I don't know what my bossy gelding would think about adding a donkey. He and my mare get along well. The mare might pal up with the donkey. It might be good for her, as the gelding doesn't really "pal" with anyone.
I read some forum replies on the Donkey site and the consensus is donkeys need a companion. So I will tell my friend that she should maybe get two donkeys if she plans to rehome her miniature horse. The horse is not friendly and she has had him quite a while and she still cannot even catch him. I thought of going to get him, but am uncertain about border crossing quarantines. I am in OK and she is in NM.


----------



## Maryann at MiniV (Jan 16, 2021)

No quarantines needed, last I checked. But the horse will need a health certificate and coggins test, provided by a vet.


----------



## Marsha Cassada (Jan 16, 2021)

Maryann at MiniV said:


> No quarantines needed, last I checked. But the horse will need a health certificate and coggins test, provided by a vet.

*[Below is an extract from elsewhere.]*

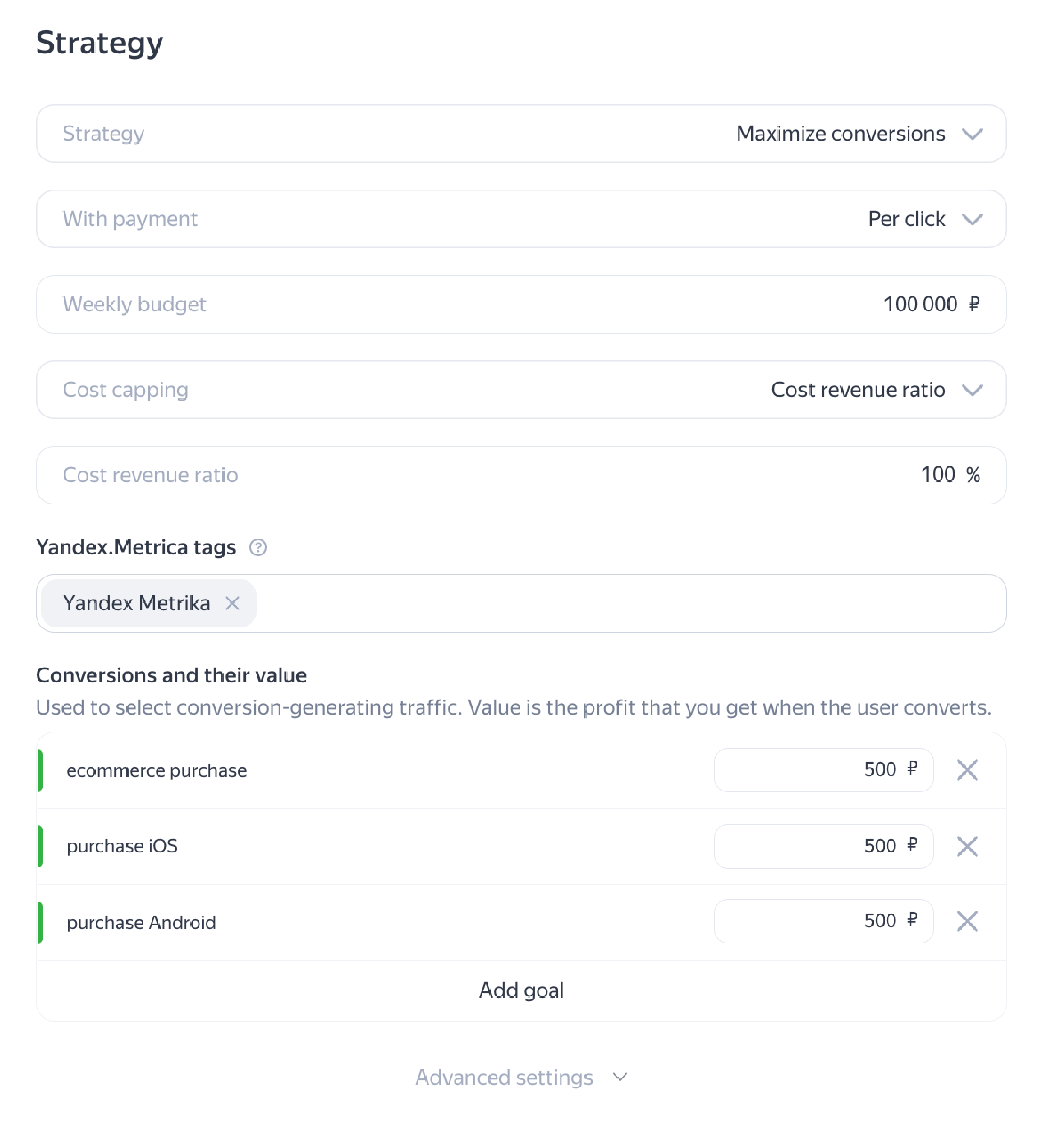 4. 设置动态目标值。 要根据应用内目标的广告支出比例指标优化广告系列,请设置事件收入的收集和发送至 Yandex Direct。

I was worried about people quarantines.


----------



## Dragon Hill (Jan 17, 2021)

She just wants one donkey by itself, no other equines? Donkey people will tell you to have two together, they prefer to buddy up. I think any equine would be lonely by itself, although I've done it. Does she have, or do any of her neighbors, have any other livestock?


----------



## Marsha Cassada (Jan 17, 2021)

Dragon Hill said:


> She just wants one donkey by itself, no other equines? Donkey people will tell you to have two together, they prefer to buddy up. I think any equine would be lonely by itself, although I've done it. Does she have, or do any of her neighbors, have any other livestock?

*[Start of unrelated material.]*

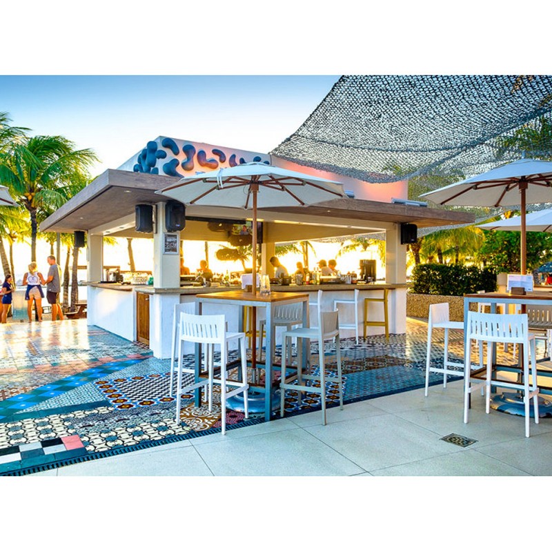 En el lado práctico, los elementos del juego de mesas Spritz y dos taburetes son muy resistentes, ligeros y fáciles de mantener. Muy prácticos, los taburetes también son apilables, para una perfecta optimización de tus espacios.

She has a miniature gelding but he is not friendly. She fears he would make the donkey unfriendly also. So I'm thinking she should rehome the horse and get two donkeys. 
My sister and i thought we would go get the horse but we are unsure about crossing state borders. NM right now is pretty strict. I gave her the contact of the NM miniature horse club. Maybe she can rehome through them. He is registered.


----------



## Abby P (Jan 17, 2021)

I think they only care if you are staying - coming and going to pick up a horse should be OK provided you follow all the rules. I cross state lines every time I go and visit my horse! At least up here, "caring for livestock" is considered an essential activity and is exempt from travel restrictions.


----------